U2 - War-Boy album flac
Performer: U2Title: War-Boy
Style: New Wave, Alternative Rock
MP3 album: 1140 mb
FLAC album: 1878 mb
Rating: 4.6
Other formats: MOD MIDI TTA AAC WAV VOC ASF
Genre: Rock
War is the third studio album by Irish rock band U2. It was produced by Steve Lillywhite, and was released on 28 February 1983 on Island Records. The album is regarded as U2's first overtly political album, in part because of songs like "Sunday Bloody Sunday" and "New Year's Day", as well as the title, which stems from the band's perception of the world at the time; lead vocalist Bono stated that "war seemed to be the motif for 1982.

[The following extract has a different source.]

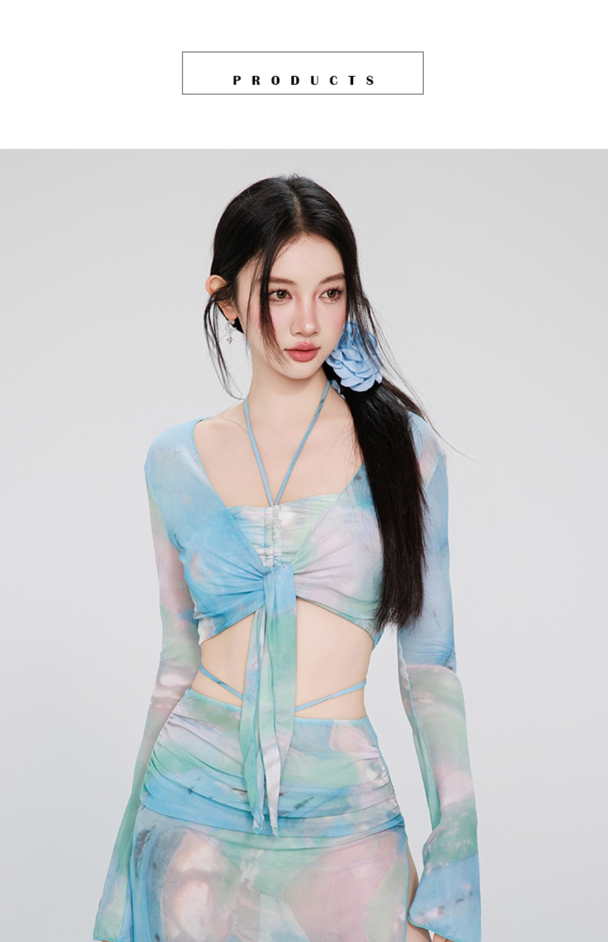 여성용 수영복 비키니 4피스 세트 긴 소매 긴 치마 섹시한 순수한 매력 고급스러운 2026 신상 수영복스토어 가기

Boy is the debut album by Irish rock band U2. It was released on 20 October 1980 by Island Records and was produced by Steve Lillywhite. Boy contains many songs from the band's 40-song catalogue at the time, including two tracks that were re-recorded from their original versions on their debut release, the EP Three. Boy was recorded from July to September 1980 at Dublin's Windmill Lane Studios, which became U2's chosen recording location during the 1980s.
The first EP, included with Boy, isn't great, in part because the dry percussion is ill-suited to the band's (and particularly the Edge's) textural style; their debut album is another story. Produced by Steve Lillywhite, it opens with "I Will Follow", a surging colossus of a song that still ranks among the best tracks in the band's catalog. Bono's powerful vocals- he got his nickname from a shorter form of Bono Vox (Good Voice)- bring immediacy and energy to the album. October wasn't an affirming hit and, by its own admission, the band felt pressure to deliver on its third album, believing Island could cut them loose if it bore similar results. It doesn't take long to hear that the band was aiming for something different on War, which opens with a sharply staccato snare drum that sets up a startlingly martial beat.
War also reached No. 23 on the Top Pop Catalog album chart and became U2's first Gold album in the US, eventually being certified multi-platinum by the RIAA with 4 million units sold. It also earned a Gold record in Switzerland and Silver record in the UK. In the Hot Press Reader's Poll, it was voted No. 1 best album and best LP sleeve. UK magazine New Musical Express voted both the album and sleeve as No. 3 in its annual poll. And in the New Zealand Rip It Up Poll, War was voted the No. 1 album. Release Date: 28 февраля, 1983.
The songs may occasionally show some weakness - the driving "I Will Follow," the dark "An Cat Dubh," and the shimmering "The Ocean" stand out among the sonic textures - yet the band's musical and lyrical vision keep Boy compelling until the finish.
Boy is a U2 album without the ego-without any preaching or presumptions of saving the world. Bono, barely out of his teens, sounds raw and urgent. If The Joshua Tree is the album that defined U2's legacy, then Achtung Baby is the album that tore it all down, doused it in lighter fluid and siphoned a darker, heavier energy from its flaming wreckage. Fed up with soaring, earnest bombast, U2 sequestered itself in Berlin at the tail end of the Cold War, dug deep into dance music and distortion, nearly fought itself into breaking up and emerged in 1991 with a heady masterpiece that sounds fresh decades later
In 1982, back before world leaders were being brow-beaten by Bono, U2 were teaming up once again with Steve Lillywhite (who’d produced their debut, Boy, and October) for a crack at their third album.